■ Exercise instructions ■
There should be no pictures in your answer, only an exact copy of the lines from the one with "A fun, engaging" through the end of the material.

++++ Recorded information ++++

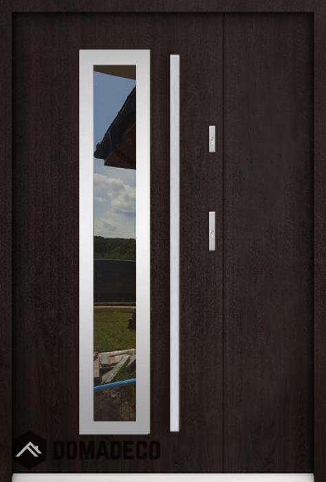 La puerta está hecha de acero inoxidable. En su interior está rellena de espuma de poliuretano PUR y madera. El grosor de la hoja de la puerta es de 55 mm. Posee un Sistema de Sellado Doble: Un sello se encuentra en la parte superior del marco y el otro en la parte de soporte de la hoja de la puerta. Reducen la vibración y protegen su casa de la pérdida de calor. No cambian su volumen bajo la influencia de las condiciones atmosféricas. El marco de la puerta tiene refuerzos antirrobo en partes de bisagras y puntos de cierre.
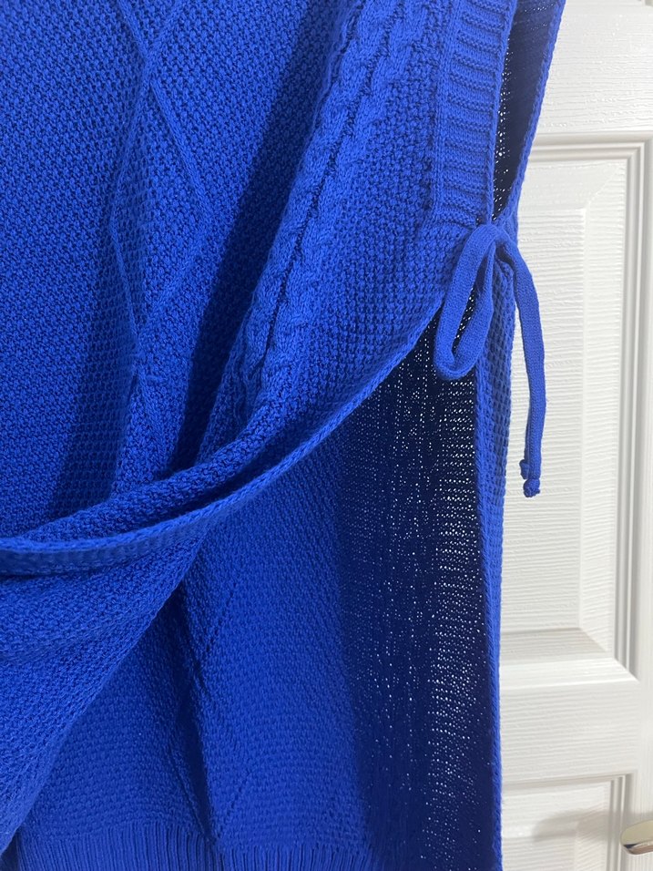 Mavi renkli, bohem tarzda, örgü kadın süveter. Balıkçı yaka ve askılı kol detaylarına sahip, rahat kesimli ve midi boyda, şık ve konforlu bir parça. standart beden hic giyinilmedi mağazadan alındığı icin etiketi yoktur
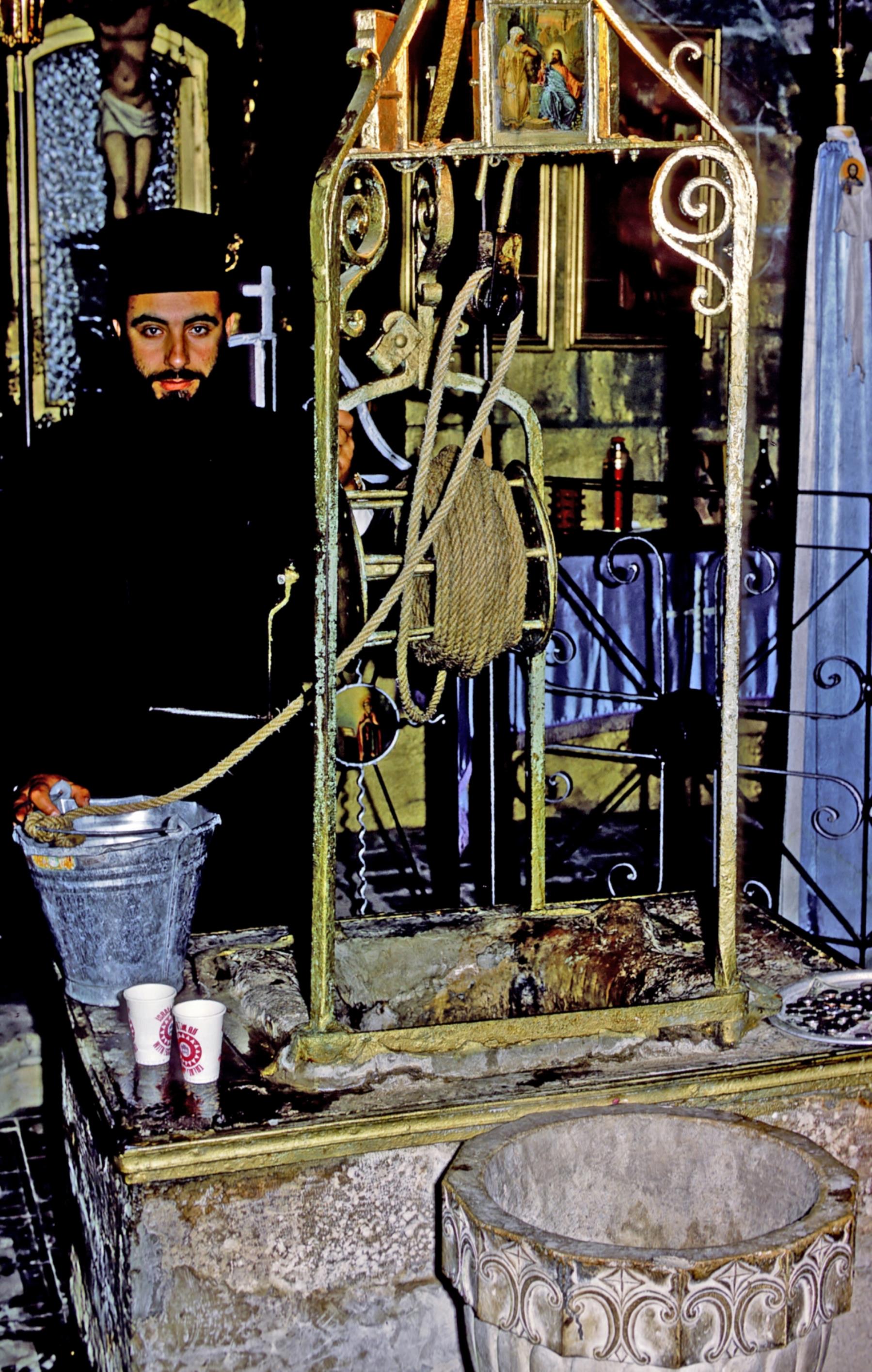 Jesus passed through Samaria on his way to Galilee Jesus passed through Samaria on his way to Galilee; stopping at Jacob's well, near a place called Sychar. There he talked with a Samaritan woman, and through her, led many Samaritans to believe in him as the Messiah. The site of Jacob's well, now memorialized with a building over it, seen in this image, has been traditional for many centuries. Shechem is somewhat west of this well, and Sychar is somewhat east. Jacob's well, inside the building. sychar; jacob's; well; samaria; samaritans; jesus; messiah; shechem; wells |
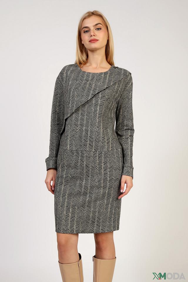 Платье Manila Grace серого цвета с геометрическим принтом "ёлочка" станет отличным выбором для создания элегантного образа. Модель с длинными рукавами и асимметричным воротником-драпировкой подчеркнет вашу индивидуальность. Состав: полиэстер 53%, хлопок 45%, эластан 2%
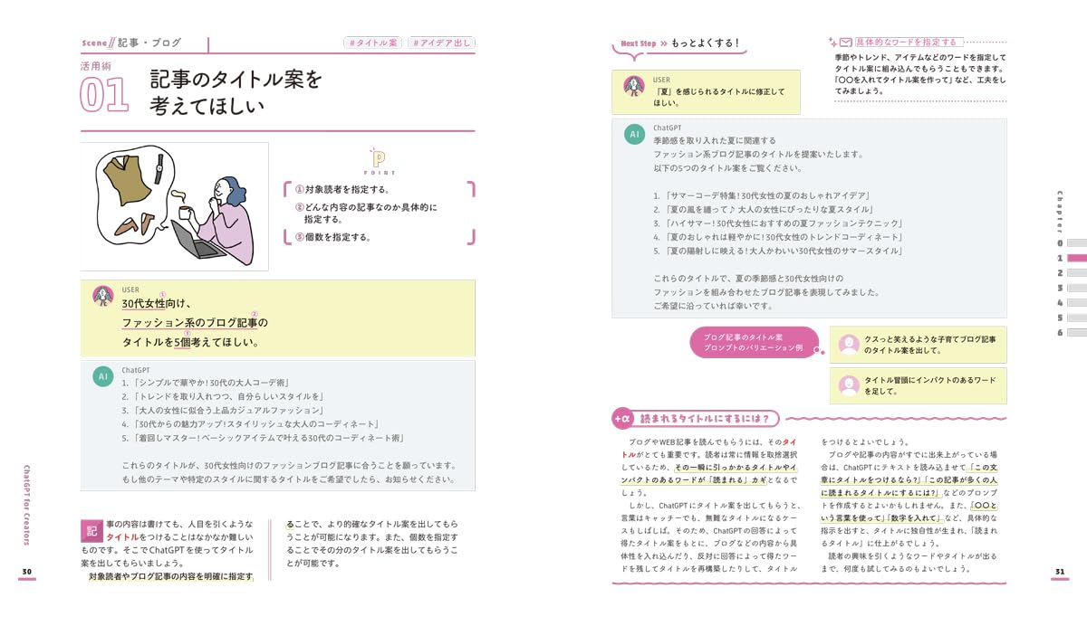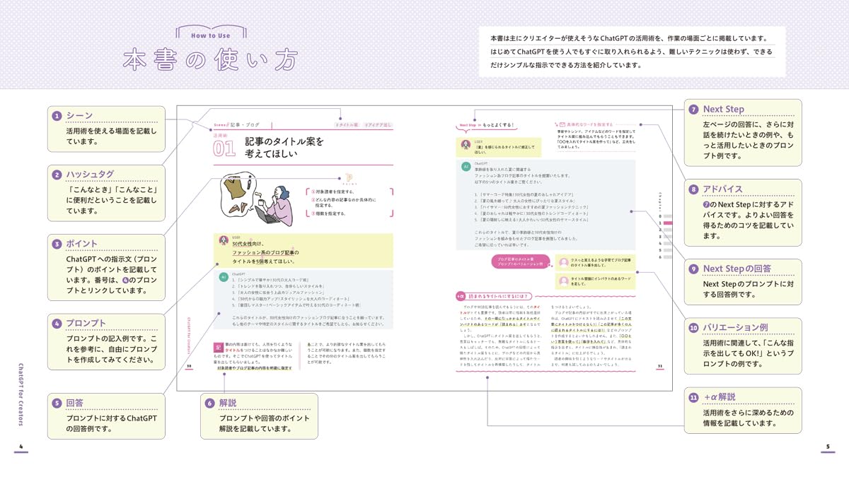 ブログの見出し案、SNS投稿文、キャッチコピーなど、言葉を扱う場面での使い方が豊富に紹介されています。白紙を埋める初速アップに直結する例が多く、発信系の仕事をしている読者にとくに刺さります。
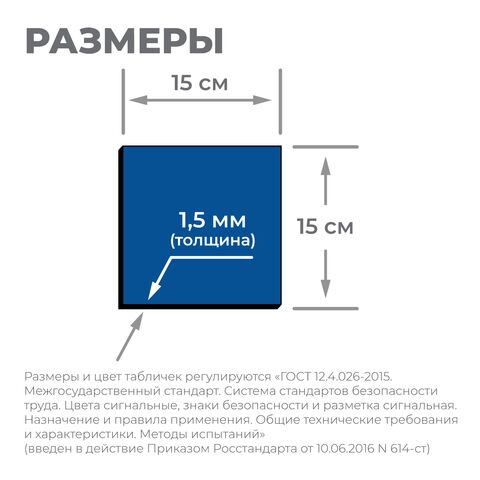 Изображения на табличках и их размер выполнены по рекомендациям «ГОСТ 12.4.026-2015. Межгосударственный стандарт. Система стандартов безопасности труда. Цвета сигнальные, знаки безопасности и разметка сигнальная. Назначение и правила применения. Общие технические требования и характеристики.» (введен в действие Приказом Росстандарта от 10.06.2016 N 614-ст).
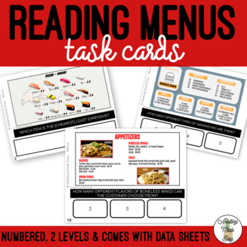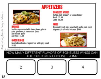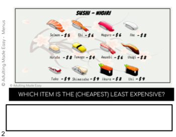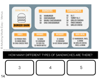 A fun, engaging & visual way to practice reading different variations of commonly seen restaurant or cafe menus. Students will identify prices, most or least expensive items, items on the menu, and other important information. This activity is great for special education students Distance or remote learning
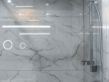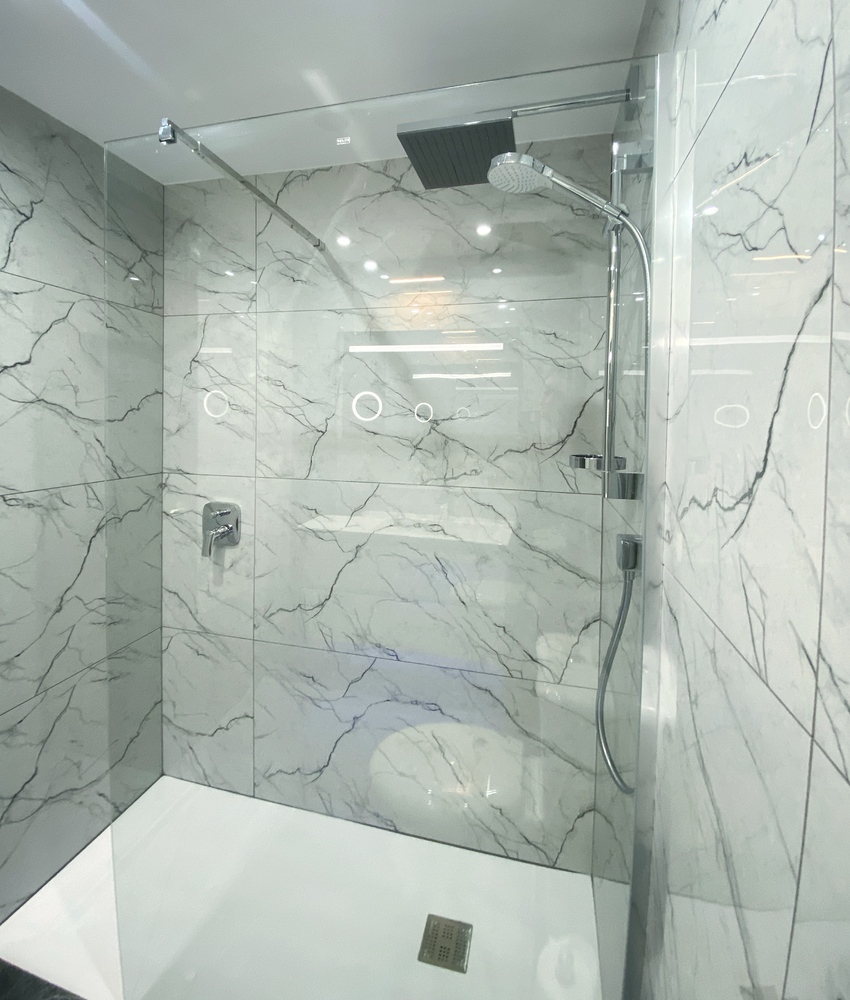 En-suite offering a double-sized walk-in shower, huge vanity mirror, ample storage, w/c.

++++

■ Solved exercise ■
 A fun, engaging & visual way to practice reading different variations of commonly seen restaurant or cafe menus. Students will identify prices, most or least expensive items, items on the menu, and other important information. This activity is great for special education students Distance or remote learning
 En-suite offering a double-sized walk-in shower, huge vanity mirror, ample storage, w/c.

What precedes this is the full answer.